Dasselbe kann gesagt werden, wenn die Aminogruppen in Stufe 3 regeneriert werden. Die Struktur eines Peptids mit niedrigem Molekulargewicht kann durch Eliminierung der modifizierenden Gruppen zu der ursprünglichen Struktur zurückkehren. Die Strukturen von Molekülen mit hohem Molekulargewicht, wie Proteinen oder Polypeptiden, kehren jedoch nicht vollständig in die ursprüngliche Form zurück, wenn sie einmal modifiziert waren, selbst wenn die modifizierenden Gruppen eliminiert werden. Die dreidimensionalen Strukturen solcher Proteine und Polypeptide mit hohem Molekulargewicht werden durch die Modifizierungsreaktion denaturiert.

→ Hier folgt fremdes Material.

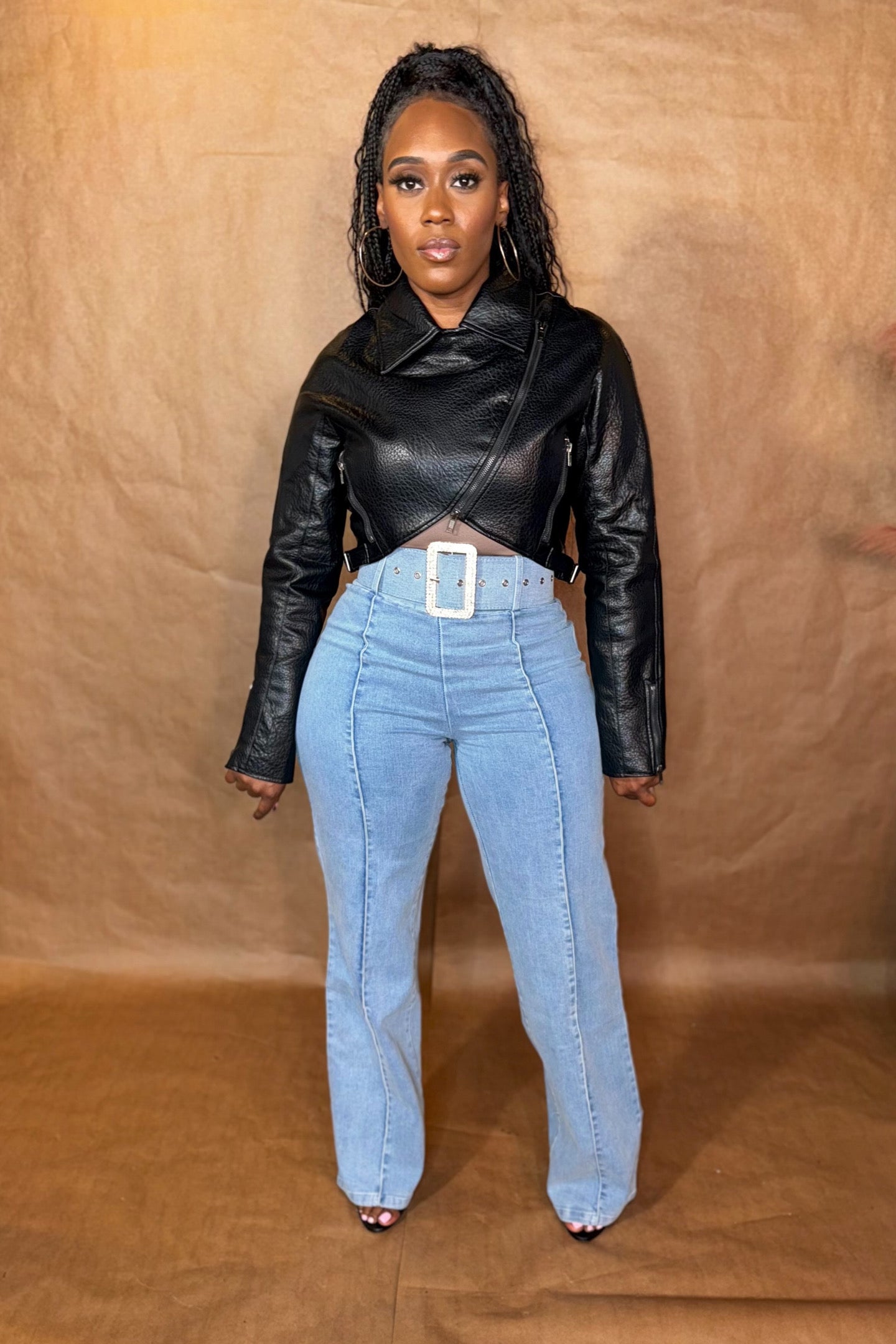 * Matches well with our denim, blue puff sleeve tie top or our both suede hooded denim jacket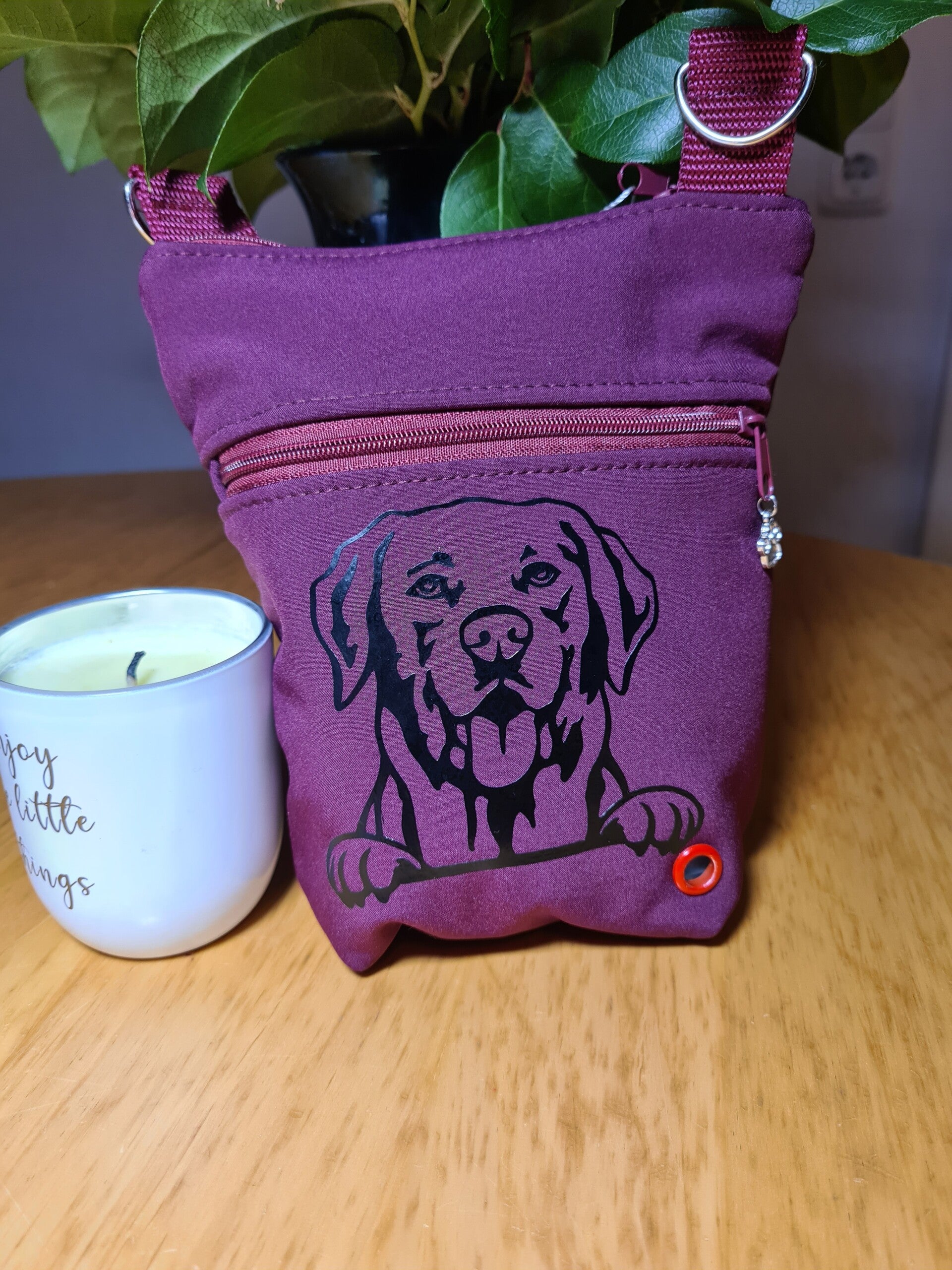 In der Haupttasche kannst du dein Handy, Schlüssel, Geldbeutel und/oder Leckerlies verstauen. In die vordere Tasche ist eine Öse zur unkomplizierten Entnahme von Kotbeuteln integriert.

Folglich wird, selbst wenn die regenerierten Aminogruppen als Stellen für die Einführung der Haptenmoleküle verwendet werden, ein Antikörper gegen den Carrier an sich nicht gebildet, im Unterschied zu dem Fall, wenn ein nicht modifiziertes Protein als Carrier verwendet wird.
Gemäß einem ersten Aspekt dieser Erfindung werden die Aminogruppen eines Proteins durch eliminierbare oder nicht eliminierbare modifizierende Gruppen blockiert und die Carboxylgruppen des ursprünglichen Proteins werden in die Amidform umgewandelt, indem man ein Diamin, Polyamin oder eine Polyaminosäure verwendet, um zusätzliche Aminogruppen einzuführen. Als Ergebnis sind die Aminogruppen des ursprünglichen Proteins vollständig blockiert oder vermindert, wodurch das Protein in hohem Maße modifiziert wird, so daß die Bildung des Antikörpers (Ab*) gegen das Carrierprotein an sich im wesentlichen eliminiert wird.
Wenn ein Polyamin für die Blockierung der Carboxylgruppe des ursprünglichen Proteins verwendet wird, werden zwei oder mehr Aminogruppen eingeführt, um die Stellen zu vermehren, an denen Haptenmoleküle eingeführt werden, wodurch die Effizienz der Einführung des Haptens verbessert wird.
Durch die Verwendung des erfindungsgemäßen modifizierten Carrierproteins kann ein Antihapten-Antikörper (Ab) effizient hergestellt werden, selbst wenn die verfügbare Menge an Hapten klein ist.
Das erfindungsgemäße modifizierte Carrierprotein kann ebenfalls im passiven Agglutinations-Immunoassay verwendet werden, wobei es nicht notwendig ist, einen Antihapten-Antikörper (Ab) vorher durch den Carrier (Ag*) an sich zu absorbieren. Ein polyvalentes Hapten-Antigen-Konjugat kann hergestellt werden, indem man denselben Carrier verwendet, der bei dem Immunisierungsvorgang verwendet worden ist.
Gemäß einem zweiten Aspekt der Erfindung werden die blokkierenden Gruppen von den einmal blockierten Aminogruppen entfernt, so daß Haptenmoleküle mit den regenerierten Aminogruppen verknüpft werden können und ebenfalls mit den eingeführten Aminogruppen verknüpft werden können. Die Anzahl an Stellen, an denen Haptenmoleküle eingeführt werden, wird im Vergleich zu dem nicht modifizierten Protein und auch im Vergleich zu dem modifizierten Protein mit blockierten Aminogruppen erhöht. Das modifizierte Carrierprotein hat bezüglich der Einführung von Haptenen eine hohe Effizienz und kann zur Herstellung eines Antikörpers (Ab) verwendet werden, selbst wenn die zur Verfügung stehende Menge an Hapten sehr klein ist. Das erfindungsgemäße modifizierte Carrierprotein weist einen hohen Grad an Nodifizierung auf, da seine Aminogruppen einmal modifiziert worden sind, um sie zu schützen, so daß es nicht die Bildung eines Antikörpers (Ab*) gegen den Carrier verursacht.

BEISPIEL:

Die vorliegende Erfindung wird mit Bezug auf einige Beispiele genauer beschrieben.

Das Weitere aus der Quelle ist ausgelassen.